The Panama Conference was a meeting of the foreign ministers (or equivalents) of all the sovereign nations in North and South America from 23 September to 3 October, 1939, shortly after the beginning of World War II. Its purpose was to establish a common policy for all these nations regarding the war, and in particular naval actions by the nations at war in waters near the Americas.
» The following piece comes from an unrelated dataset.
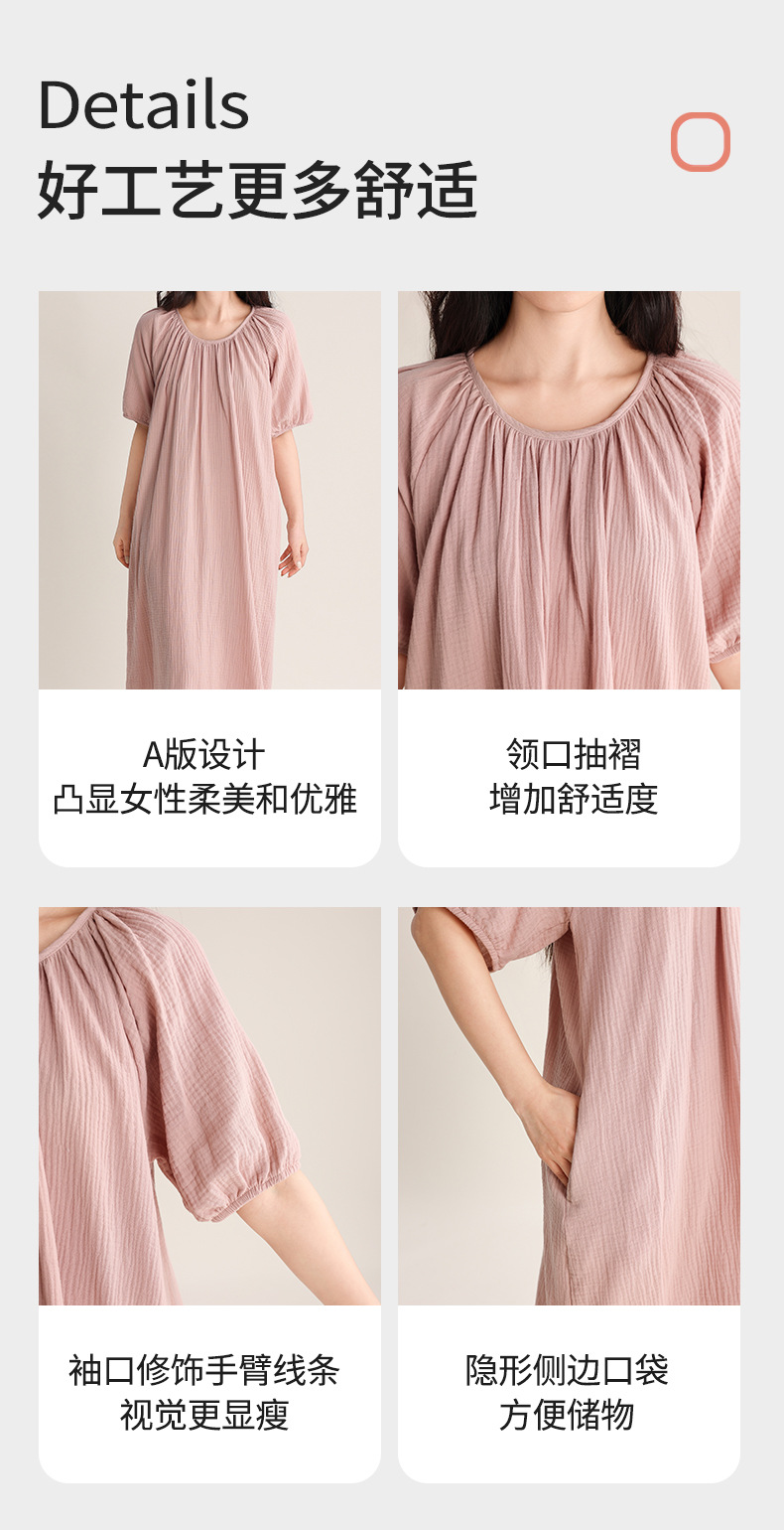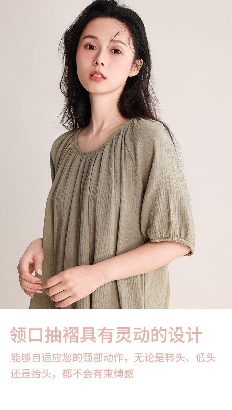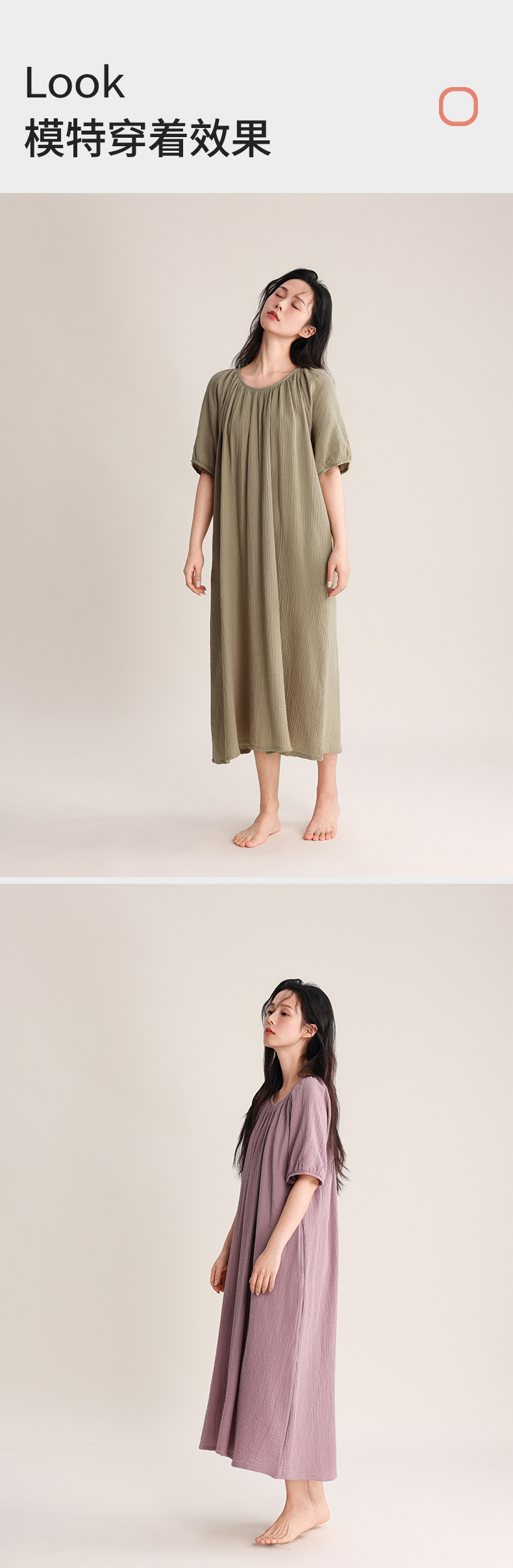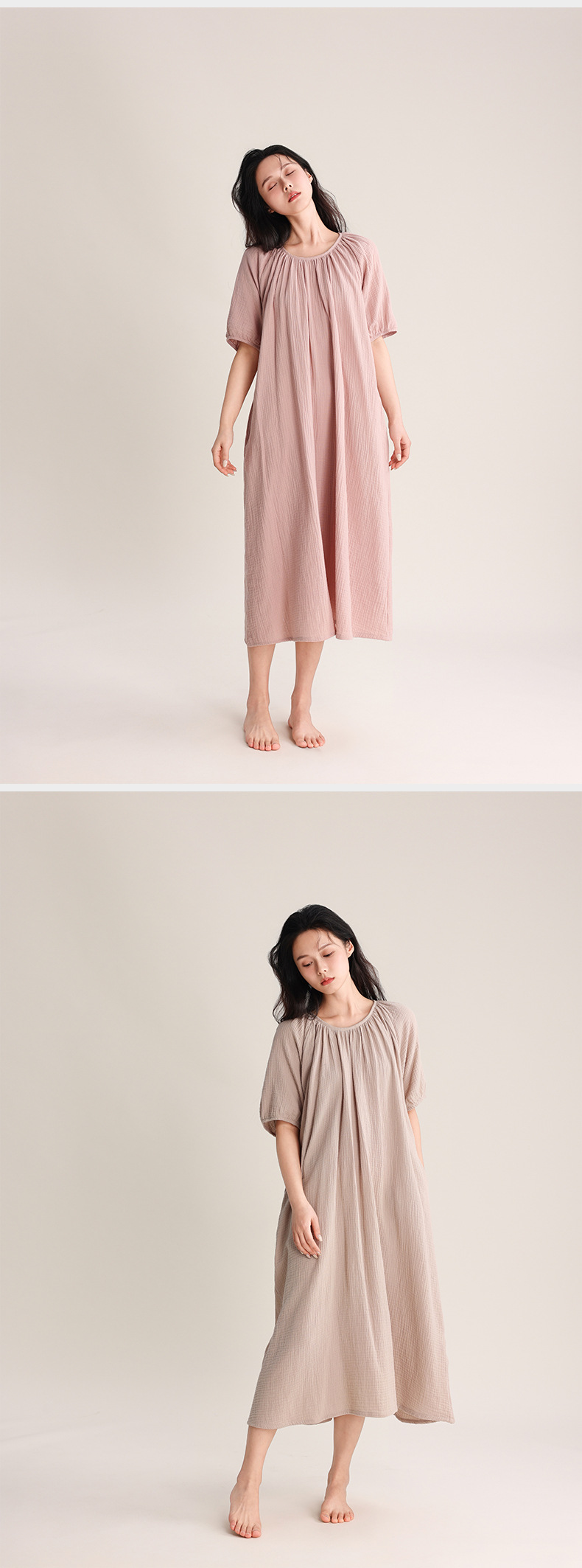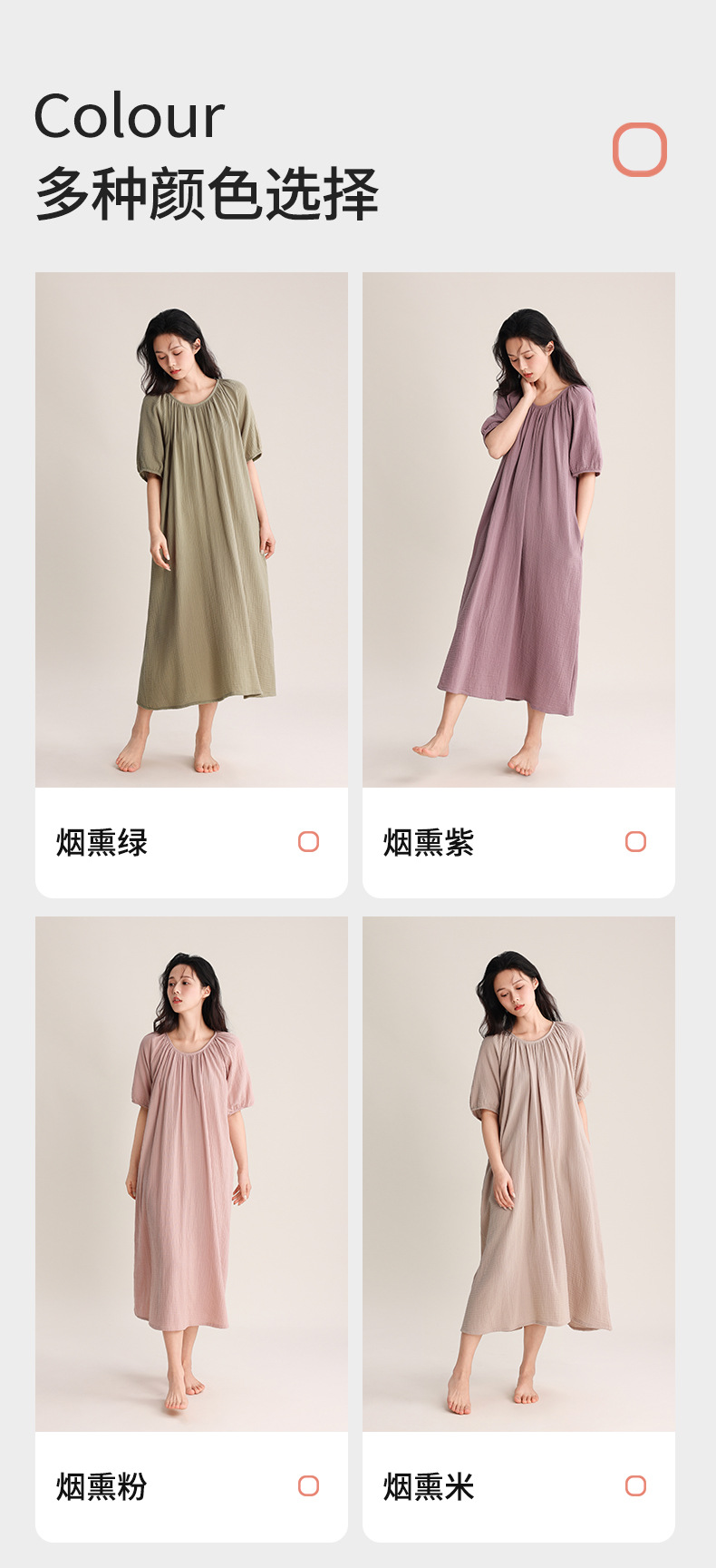 春夏の長袖純綿のクレープの寝スカートはシンプルで優雅です。
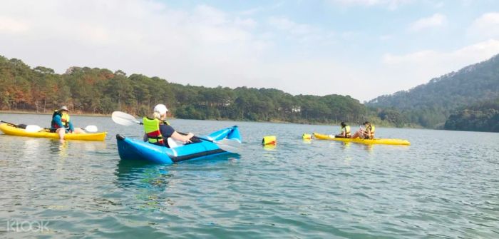 Visiting the Tuyen Lam Lake Tourist Area, besides enjoying sightseeing, you can also participate in kayaking and canoeing. Along the scenic route, you can stop at beautiful spots to take photos with the reed fields or explore strawberry gardens and maple forests.

In attendance were the United States, Mexico, Guatemala, Honduras, El Salvador, Nicaragua, Costa Rica, Panama, Cuba, Haiti, Dominican Republic, Venezuela, Colombia, Ecuador, Peru, Brazil, Paraguay, Bolivia, Chile, Argentina, and Uruguay. Canada did not attend, being considered part of the British Empire and being at war with Germany having declared war on September 10,1939.

The Conference was held in Panama City, Panama.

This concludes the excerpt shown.